The data Start Marker
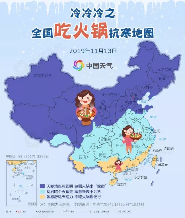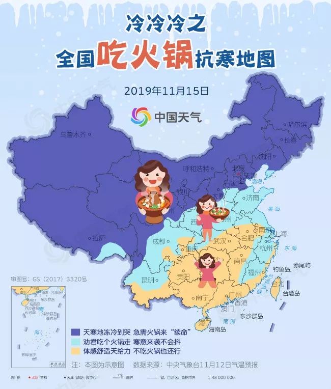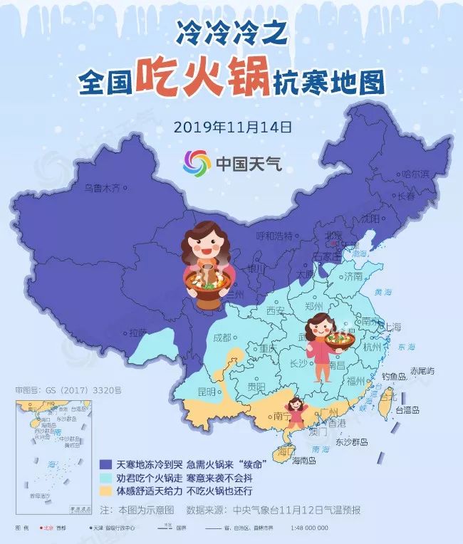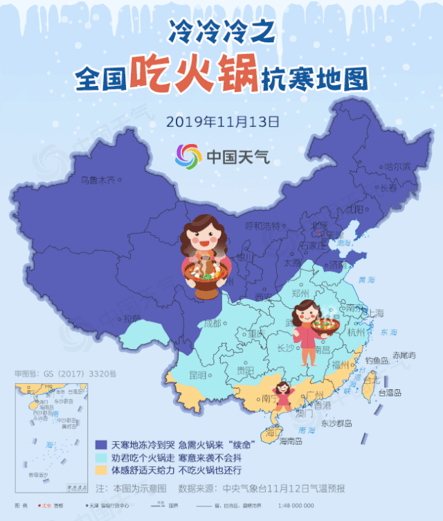 今天开始,许多地方气温就顶不住了,冷到怀疑人生。像是长春、沈阳、呼和浩特、北京、石家庄等地,相比12日,今天最高温跌幅均在11℃以上,哈尔滨、长春、呼和浩特全面降温到冰点以下,从秋阳暖暖局面直接跌入“冰窖”,再加上大风肆虐,体感是嘎嘎冷,说抱着火锅跑也不为过,急需火锅来“续命”,东北多地还将飘雪,下雪天吃火锅简直是绝配;江南、黄淮、西南一带今天则有“透心凉”的赶脚,宜约上三五好友组团吃火锅,以免冷到发抖,来顿火锅可让体不寒。
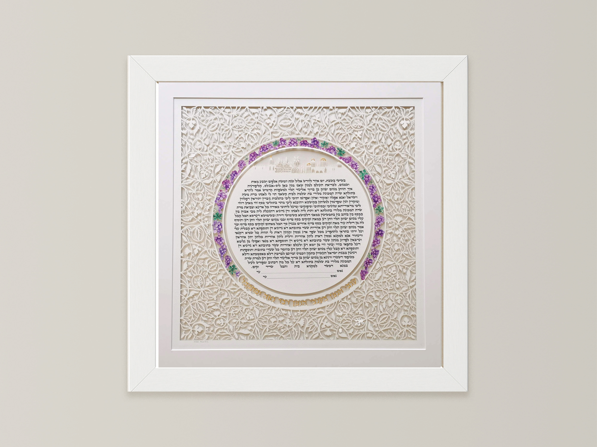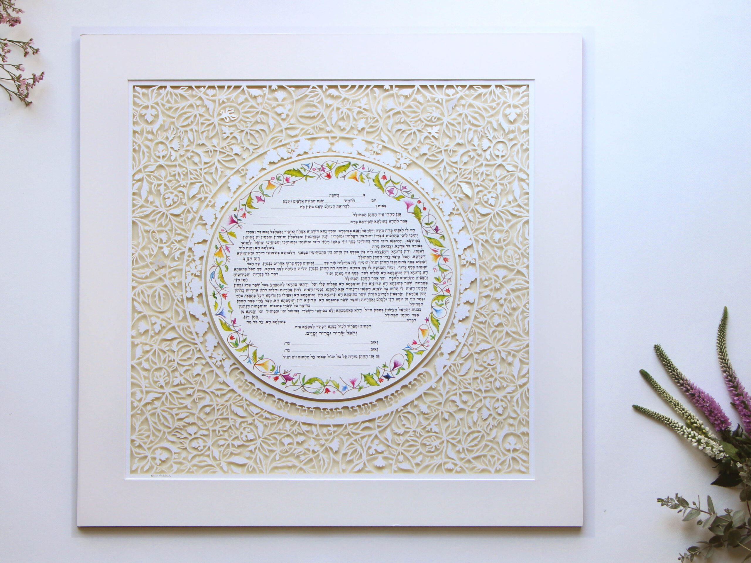 Our Ketubahs are cut out on fine art paper of the highest quality and the text and flowers are printed on Gicle Museum art paper.
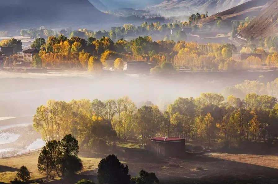 每当清晨或黄昏,炊烟弥漫,河水闪耀着金光,颂经声随风远远传来,犹如天籁,动人心弦。
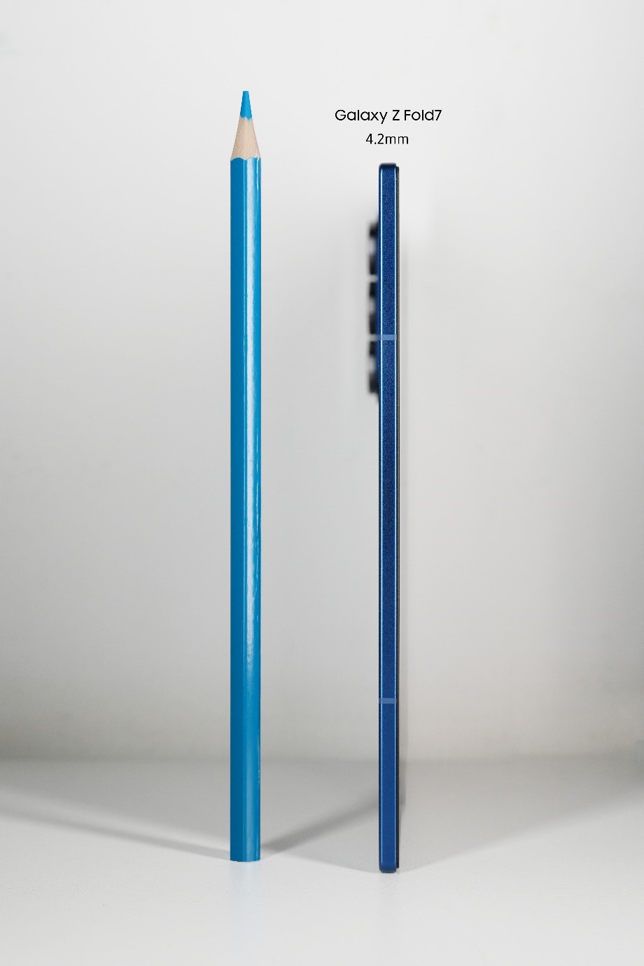 轻薄程度提升得益于三星独特的硬件创新能力。例如,全新超薄精工装甲铰链凭借升级的水滴形设计与多轨结构,不仅提升了轻薄度,也带来了均匀分散应力的效果,从而明显淡化了折痕。并且,轻薄并未影响三星Galaxy Z Fold7的耐用性,其外屏盖板、主屏幕和边框都变得更加坚硬、耐摔。
The data End Marker
• Action item
Reproduce each line above precisely, with no pictures.

• Output for this exercise
 今天开始,许多地方气温就顶不住了,冷到怀疑人生。像是长春、沈阳、呼和浩特、北京、石家庄等地,相比12日,今天最高温跌幅均在11℃以上,哈尔滨、长春、呼和浩特全面降温到冰点以下,从秋阳暖暖局面直接跌入“冰窖”,再加上大风肆虐,体感是嘎嘎冷,说抱着火锅跑也不为过,急需火锅来“续命”,东北多地还将飘雪,下雪天吃火锅简直是绝配;江南、黄淮、西南一带今天则有“透心凉”的赶脚,宜约上三五好友组团吃火锅,以免冷到发抖,来顿火锅可让体不寒。
 Our Ketubahs are cut out on fine art paper of the highest quality and the text and flowers are printed on Gicle Museum art paper.
 每当清晨或黄昏,炊烟弥漫,河水闪耀着金光,颂经声随风远远传来,犹如天籁,动人心弦。
 轻薄程度提升得益于三星独特的硬件创新能力。例如,全新超薄精工装甲铰链凭借升级的水滴形设计与多轨结构,不仅提升了轻薄度,也带来了均匀分散应力的效果,从而明显淡化了折痕。并且,轻薄并未影响三星Galaxy Z Fold7的耐用性,其外屏盖板、主屏幕和边框都变得更加坚硬、耐摔。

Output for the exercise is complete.